> _HOW TO COMPLETE THIS TASK_
Write out, exactly and only, the lines that run from the top of the records to the line with "This iris was". Include both ends; exclude pictures.

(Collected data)

-------------------------

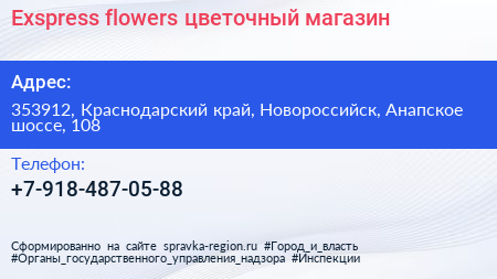 Exspress flowers, цветочный магазин по адресу 353912, Краснодарский край, Новороссийск, Анапское шоссе, 108 в дальнейшем Организация, размещена в следующих категориях:
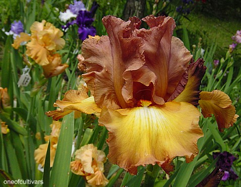This iris was identified as perhaps an up an comer by Walter Moores. Here it has turned out to be just that. Strong, tall, stalks with well spaced branching and an uncommon color combination for a reverse pattern. Too, it has produced at least one reblooming seedling. Increase 6x.
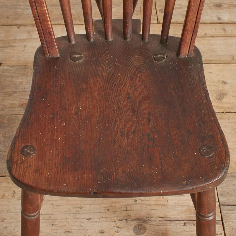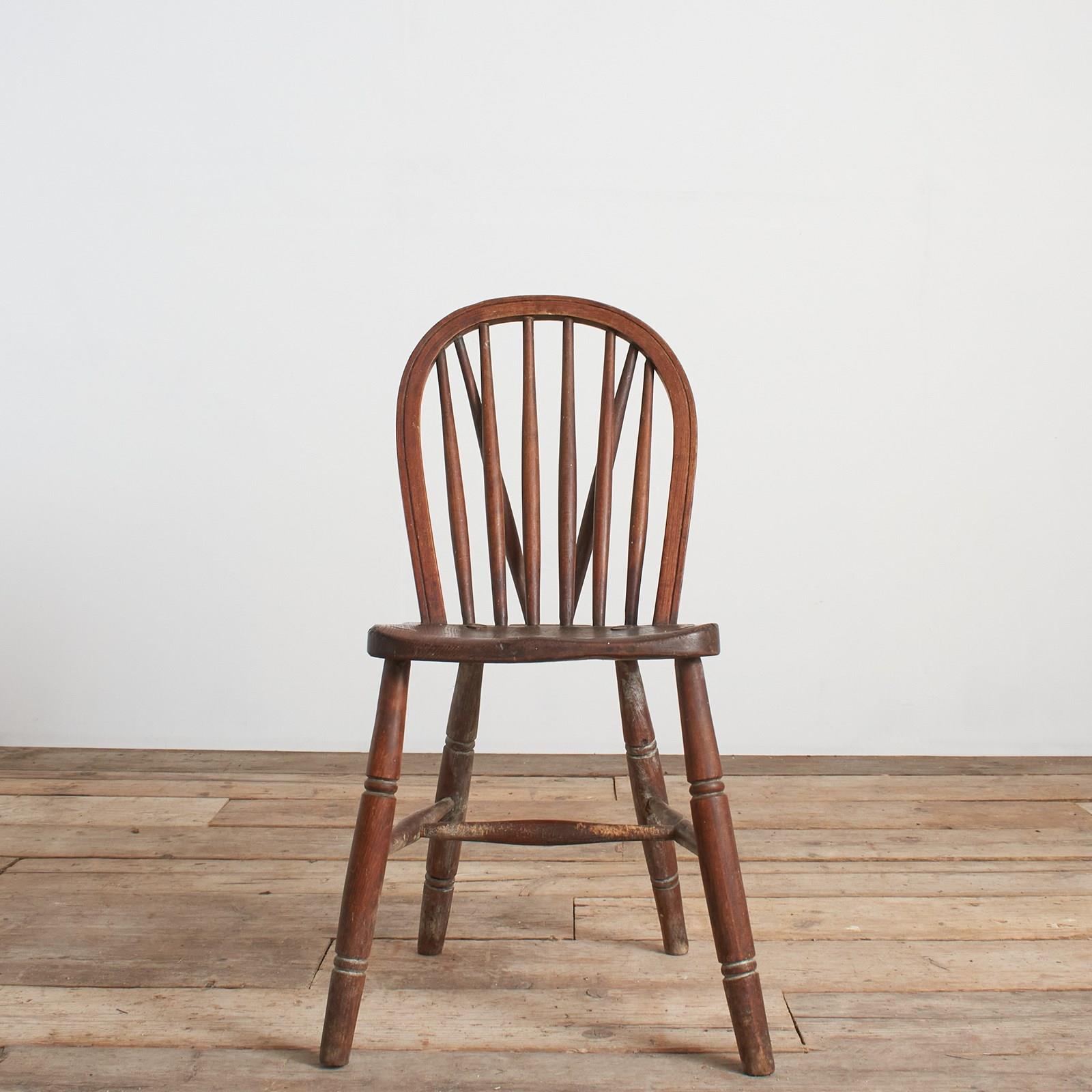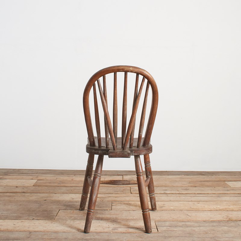 A charming antique Windsor chair from the High Wycombe area. It has a hoop and stick back design with six spindle backrest and for added strength a double spindle rear support to the bobbin tail.
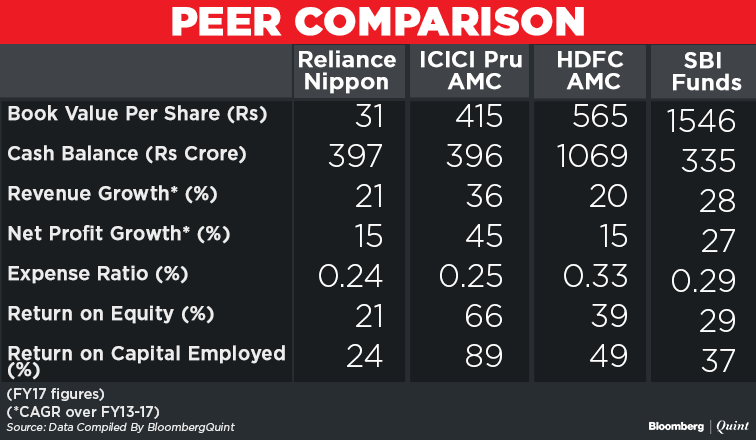 Reliance Nippon has no listed peers. In the unlisted space, there are 41 active asset management companies, including private and public players. Reliance Nippon lags behind the top players on most parameters.
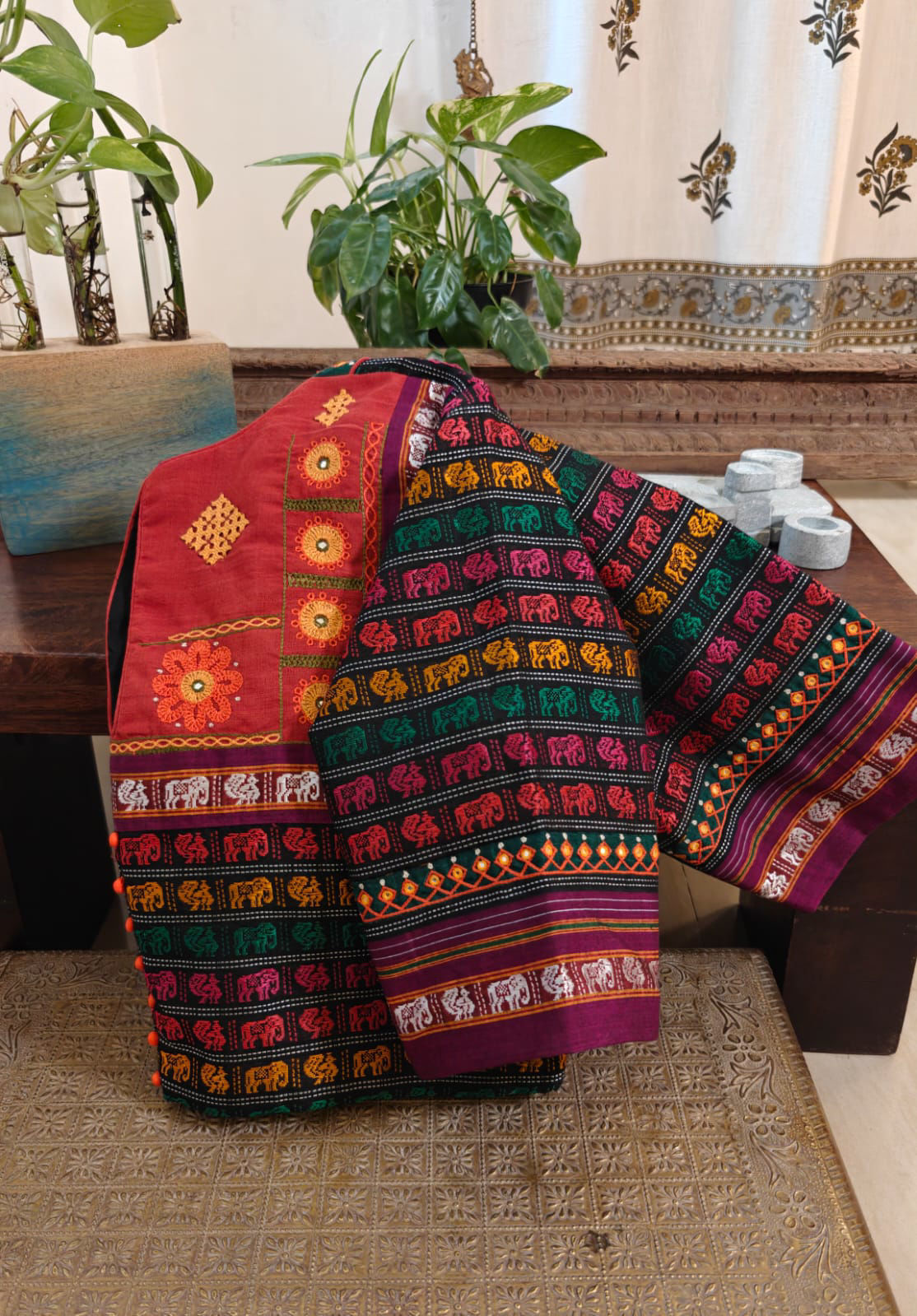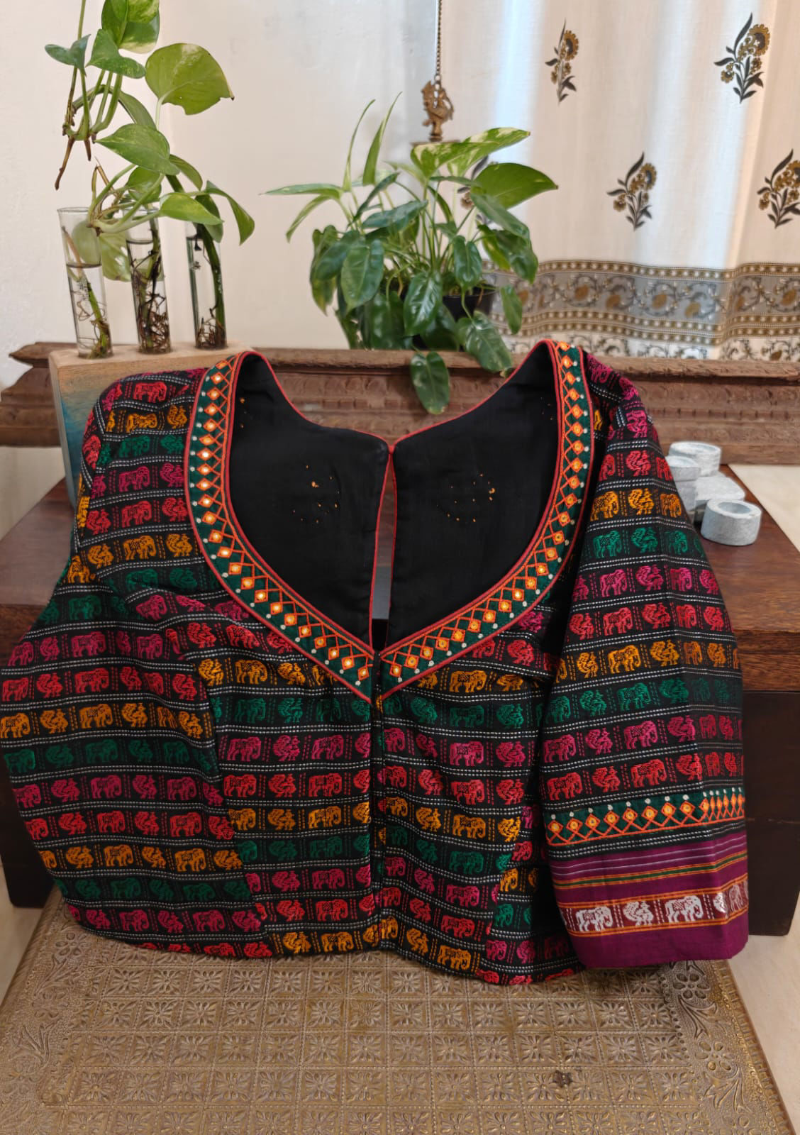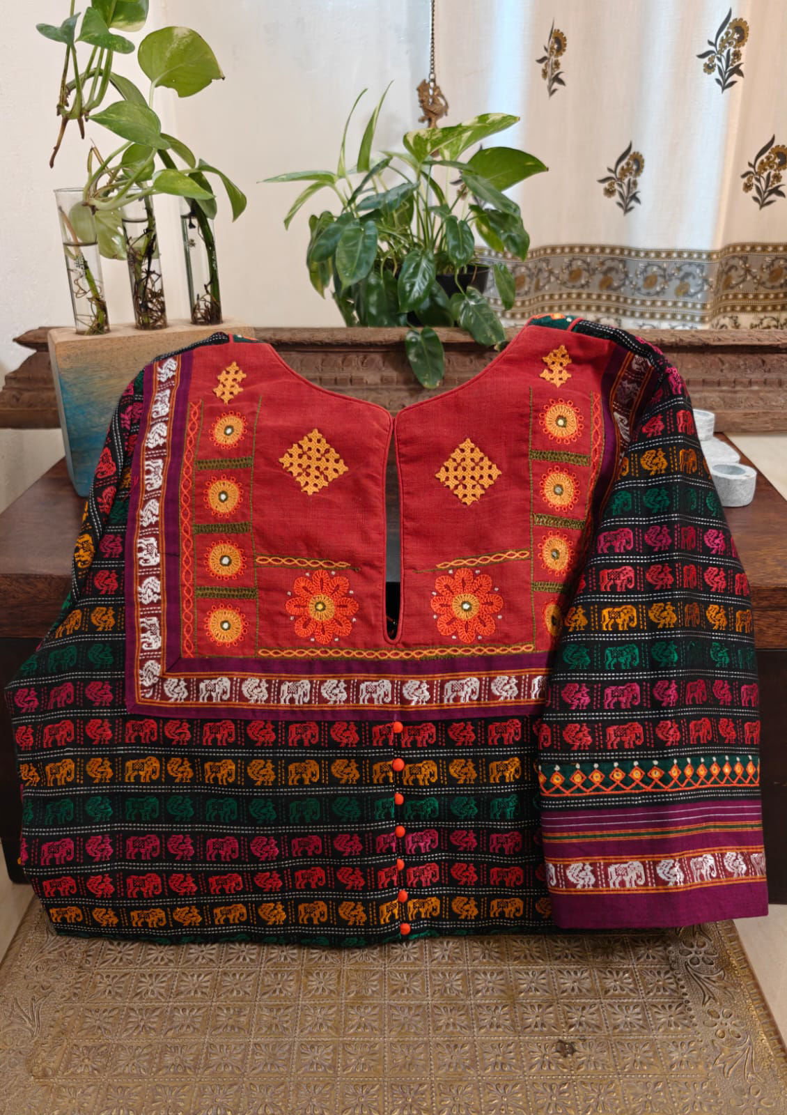 Our artisans creatively hand embroider, hand paint and hand print the blouses that come to you from the design house of SVASA. We use hand woven fabric extensively. You may notice very minute, almost insignificant flaws in the crafts since they are all handmade. We urge our patrons to overlook a few human errors that may have occurred in the process. Our aspirations are towards an empowered society, focusing on keeping traditional needlecraft alive for a long time to come.

-------------------------

> _ANSWER TO THIS EXERCISE_
 Exspress flowers, цветочный магазин по адресу 353912, Краснодарский край, Новороссийск, Анапское шоссе, 108 в дальнейшем Организация, размещена в следующих категориях:
This iris was identified as perhaps an up an comer by Walter Moores. Here it has turned out to be just that. Strong, tall, stalks with well spaced branching and an uncommon color combination for a reverse pattern. Too, it has produced at least one reblooming seedling. Increase 6x.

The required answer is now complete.